Could the Index-Tribune gain some kind of access to the palatial grounds, where actors portraying angsty teens were said to be inside filming a party scene? If he'd been the mirthful sort, John might have laughed. Instead, he leveled a withering gaze that clearly meant 'no.'
For five days this week, Hollywood came to town, using a grand Italianate Sonoma mansion as a set. The 14,545-square-foot house set on 4.65 acres was a hive all week long, swarmed by actors, cameramen, set designers and security. They took over two empty lots nearby, too, filling them with parked cars, big rigs full of gear, portable toilets and a huge tent.
Permit Sonoma knew Netflix was coming. After all, they issued the $878 special event permit for the Napa Road location that allowed film crews to work between 8 and 2 a.m.
But the neighbors up and down Napa and Hyde roads were not informed, a fact that several of them found mildly annoying. Nixon Maloney, who lives at 1668 Napa Road, would have appreciated a heads-up that a major production was setting up next door.
'It would have been nice to have notice. Information is priceless,' Maloney said.
But the initial concerns Maloney had about fire danger were mitigated when a water tanker showed up to douse both empty fields. And the California Highway Patrol officer required by Permit Sonoma turned out to be an unexpected blessing. 'Having a cop out there has changed the traffic flow.
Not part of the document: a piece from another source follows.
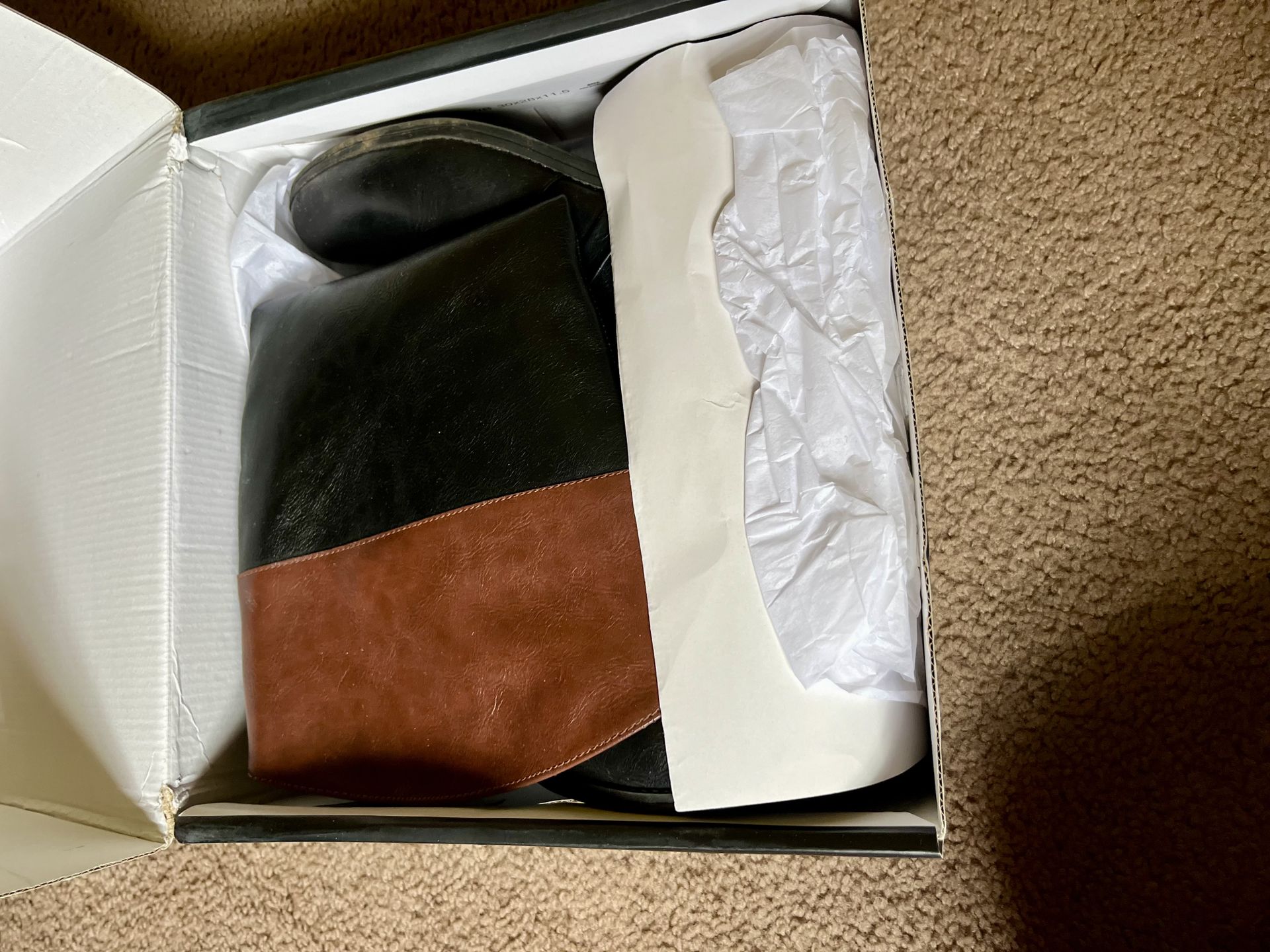 Stylish Nine West IvaniBlack boots. These are black with a cool brown two-tone top part. Has buckle details around the ankle. Worn only a few times Size 9 Original price was $89.99. Must sell moving !’

People are doing 45 instead of 70. I love it!' Maloney told the Index-Tribune on the second day of the Netflix shoot.
Maloney was so pleased by the collateral benefits, in fact, that she delivered the CHP officer a bottle of chilled water. 'I told him, 'you can park here anytime, honey!''
The Hollywood business of shooting on location is fraught with everyday perils. There are snoopy journalists, star-struck fans and run-of-the-mill riff-raff to contend with. Unwanted attention is precisely why location scouts go to such pains to keep location shoots on the down low. Especially for a television show watched primarily by young people, whose fandom often tends to be exuberant.
Based on the 2007 young adult novel by Jay Asher, '13 Reasons Why' is predicated on a provocative plot. Hannah Baker, a student at fictional 'Liberty High School,' commits suicide after being bullied and shamed, and explains her 13 reasons why over the course of season one. Celebrated for its daring look into teenage mental health, the show was criticized by some psychologists for its potential contagion effect. In fact, according to a study published in the American Academy of Child and Adolescent Psychiatry, suicides among kids age 10 to 17 jumped to a 19-year high in the month following the release of the first season, though the study's authors acknowledged that a causal link was unprovable.
The furor died down eventually, and the show proceeded with seasons two and three, often using locations around the North Bay to set scenes.
In Sebastapol, Analy High School stands in for the fictional Liberty High, earning the school district $60,000 over one month in 2016, and a reported $2,500 per day since. Much of the show's other filming is done on Mare Island, where Paramount Television — which inked a multi-picture deal with Netflix three years ago — has a warren of offices and sound stages.
While staffers refused to discuss how the huge house on Napa Road would figure into the show, the smart money was on a one-off party scene involving a large group of 'students,' many of whom were seen last week milling about the site, wardrobed and made-up.
The home, currently on the market for $12.25 million, has six bedrooms, eight bathrooms, a nine-car garage, a pool with water features and mature gardens, a media room, several home offices, a kitchen with 'state of the art' appliances plus a 'wine facility,' and was built with more than 2,000 tons of concrete, 1,000 tons of steel and 110 slabs of granite.